Exploring the history of Phoenix, Arizona, just for fun. Advertising-free, supported by my patrons on Patreon. Thank you!

How designing safer roads led to some very dangerous roads in Phoenix, Arizona

I love Phoenix, but you gotta admit that the roads are very often deadly. I haven't checked recently, but Phoenix had always lead the country in red-light running. And it's really true - I see cars whizz through red lights all of the time.

But it was definitely along the road (literally) to good intentions that all of this happened. Phoenix has some of the widest, most clearly-marked, most visible streets of any city. I've lived there long enough to know that they're well-kept up, and of course they're flat and mostly without any blind curves. The visibility is so good that you can easily see the traffic lights a mile ahead of you, if not farther (depending on how sharp your eyes are).
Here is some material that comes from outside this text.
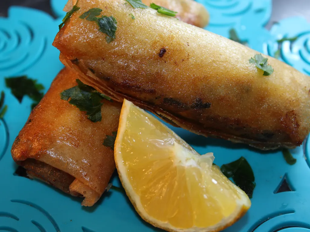 ouvrir les feuilles de bricks et déposer 1 à 2 bonnes cuillères à soupe de farce au centre à gauche de la feuille. replier le haut et le bas de la feuille sur la farce puis rouler en partant de la gauche vers la droite, bien serrer.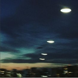 アップされたのは、暮れなずむ空に光る物体が4つ写り込んだ幻想的な写真。本人のコメント欄には「UFO」という単語と宇宙人の顔文字が記されており、まるで「UFOを撮影できた」と言わんばかりの投稿だ。

What all of this safe engineering had led to is some very high-speed travel. Although most of the main streets of Phoenix are nominally 40 miles per hour as the speed limit, they're mostly traveled well beyond that. In fact, if you go 40 miles per hour you'll probably annoy most people who want to pass! And those speeds are fine on highways, but in places where traffic stops and starts it's deadly.

I'm not blaming anyone here. I certainly don't blame someone who is driving a heavy vehicle that takes a long time to slow down. And Phoenix has always had a lot of big vehicles, and even more now. These vehicles were never meant to "stop on a dime", they simply can't. It just has to do with momentum. And most people were taught that when they saw a yellow light to "gun it", rather than slow down, which means that often vehicles are hitting intersections at very high speeds.

One solution that I see, sadly enough, is something called "traffic calming", which simply means putting obstacles in the way in an attempt to slow traffic. And while it seems like a good idea, it's like putting a roller skate on the stairs for people who are trying to travel quickly around Phoenix. It's an annoyance, and doesn't seem to be much more than that. After the traffic calming, most traffic speeds up even faster to make up for lost time.

If all of this hasn't convinced you to avoid the mean streets of Phoenix, let me tell you about "suicide lanes". Believe it or not, there are center lanes that allow traffic to travel in either direction. They were invented to allow cars to turn without backing up traffic, but they have earned their name by how they're used. On any given day you'll see people driving towards each other, usually looking back over their shoulder, trying to merge with the high speed traffic. Not easy to do!

Clear visibility, wide and well-kept up streets don't seem to be a recipe for disaster, but it's turned out that way.  Be careful out there!

Image at the top of this post: A traffic light in Phoenix, Arizona. When it turns green, don't be the first person to go.